As seen in Figure 2, violent electoral contestation manifests in all four forms, with a considerable share of DECO events overlapping with state-based violence (35 percent of all DECO events). This overlap indicates that many civil war actors also pursue their aims in the arena of electoral contestation. In some countries, such as Algeria in 1991 and Côte d’Ivoire in 2010, electoral violence between the government and opposition arises as part of escalatory processes in what eventually become full-fledged civil wars. In other cases, such as Angola and Democratic Republic of Congo, electoral violence occurs as part of a war-to-peace transition, where the same actors that waged war face each other as political contenders in elections. State-based lethal electoral events are also perpetrated by armed actors already engaged in armed conflict with the state, who use violence to challenge the security of elections or to undermine the credibility and legitimacy of electoral results. Attacks on polling stations or election workers in Peru and punitive attacks by the Lord’s Resistance Army in Uganda represent such dynamics.
DECO also contains many events of non-state violence. This category includes, for example, clashes between supporters of opposing political parties (or particular candidates), exemplified by the violence between African National Congress and Inkatha Freedom Party supporters in South Africa in the early 1990s. This category also includes violence between members of different ethnic groups seen as supporting opposing political parties. Nigeria and Kenya are two countries where much of the electoral violence recorded in our data occurs between communal groups.

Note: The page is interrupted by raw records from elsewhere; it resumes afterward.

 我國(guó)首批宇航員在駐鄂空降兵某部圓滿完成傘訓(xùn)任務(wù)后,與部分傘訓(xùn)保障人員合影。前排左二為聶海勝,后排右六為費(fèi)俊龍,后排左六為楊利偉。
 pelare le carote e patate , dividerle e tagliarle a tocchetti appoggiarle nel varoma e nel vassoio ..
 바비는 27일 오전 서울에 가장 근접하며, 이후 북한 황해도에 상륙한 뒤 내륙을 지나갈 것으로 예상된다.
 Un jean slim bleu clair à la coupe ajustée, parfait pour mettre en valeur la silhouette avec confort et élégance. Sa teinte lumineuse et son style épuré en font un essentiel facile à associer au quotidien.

Many events in DECO also belong to the one-sided violence category. This category includes instances where government forces kill unarmed civilians in direct and deliberate attacks, such as government killings of activists in Zimbabwe or security force attacks on post-election demonstrations in Côte d’Ivoire. It also includes violence by non-state actors. These can be rebel groups (elections in Senegal’s Casamance region during the 1990s were fraught with insecurity due to attacks by the Movement of Democratic Forces of Casamance rebels on civilians to prevent them from voting) or armed non-state militias that are particularly active during elections, such as the Mungiki in Kenya.

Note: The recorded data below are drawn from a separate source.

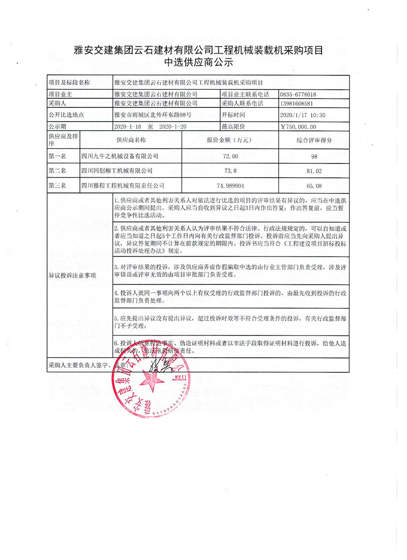 雅安交建集團(tuán)云石建材有限公司工程機(jī)械裝載機(jī)采購項目中選供應(yīng)商公示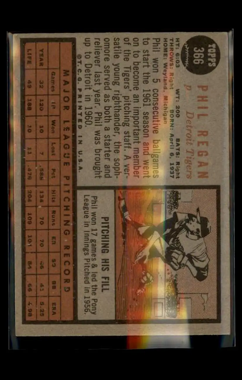 1962 Topps #366 Phil Regan - (pk1) - Detroit Tigers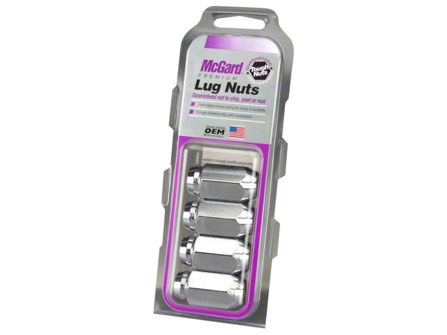 Chrome plated lug nuts lead a tough life. Think about it, harsh elements, nasty corrosive wheel cleaners and lead-foot drivers. Not to mention overzealous impact guns and loose fitting lug wrenches. This kind of treatment destroys ordinary lug nuts which turns even the best looking wheels ugly. Tough Nuts can take the punishment and keep your wheels looking beautiful. Tough Nuts are guaranteed for life not to rust, chip or peel. McGard manufactures lug nuts in the USA to meet or exceed O.E.M. standards for safety and durability. Every lug nut is fully machined from restricted chemistry steel made specifically for McGard and through-hardened for its unsurpassed level of safety. McGard's plating process includes several layers of nickel and one layer of microporous chrome producing a superior finish while protecting against rust. Tough Nuts are designed and built for the real world, because life is tough. For use with steel or aluminum wheels with exposed decorative lug nuts that are tapered at the bottom. This product may contain globally sourced materials/components.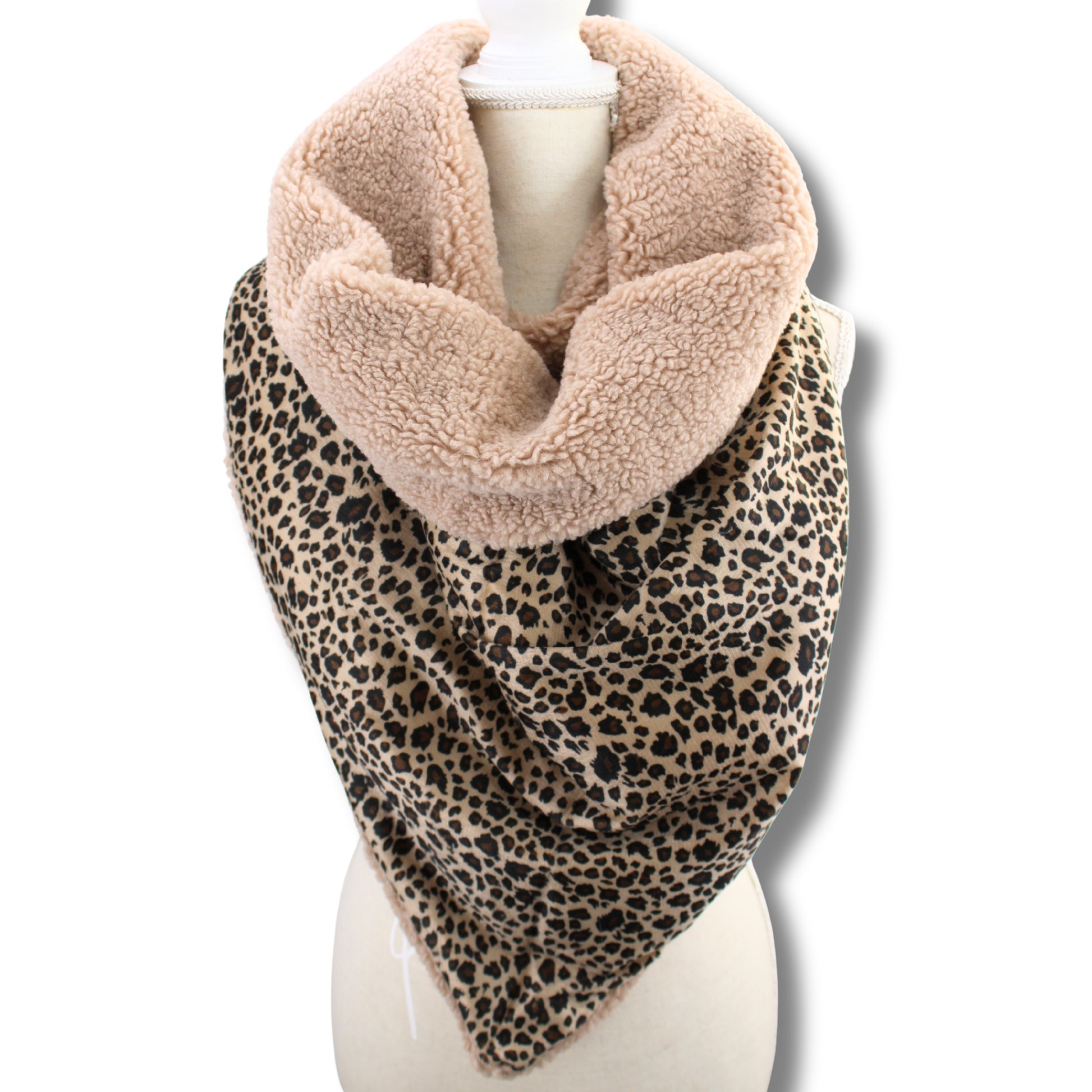 Kuscheliger Dreiecksschal – Leopard & Teddyfell

As described above, we provide additional relevant information on all events in DECO to explore patterns of lethal electoral violence. As an example, Figure 3 shows a simplified classification based on DECO target categories. Events with multiple targets have been collapsed into one residual category in the graph.

Number of DECO events by targets.
As seen in Figure 3, a majority of all events in DECO have civilian targets. Some of these are voters targeted on election day, others are identified as party supporters, and some are non-designated civilians (meaning that we have no more identifying information on why they were targeted) killed by organized armed actors. Attacks on electoral workers, electoral materials, and polling places represent the largest cause of civilian fatalities.
Empirical Application
To illustrate how the DECO data can be used, we now turn to a simple empirical examination of the role of United Nations peacekeeping forces in reducing the risk of electoral violence. Whereas the role of peacekeepers traditionally has been to uphold peace and prevent the resumption of armed hostilities between warring actors, a majority of all contemporary peacekeeping missions is now mandated to oversee or even administrate elections (Fortna 2008; Smidt 2020b). Many of the peacekeepers’ efforts are specifically directed at upholding electoral security, for example, through armed deployments at polling stations, protecting electoral targets, including political figures and election materials, and monitoring and preventing violent electoral disputes. In spite of the importance of electoral security in the war-to-democracy transition, we have limited knowledge about the role of peacekeepers in the prevention of electoral violence.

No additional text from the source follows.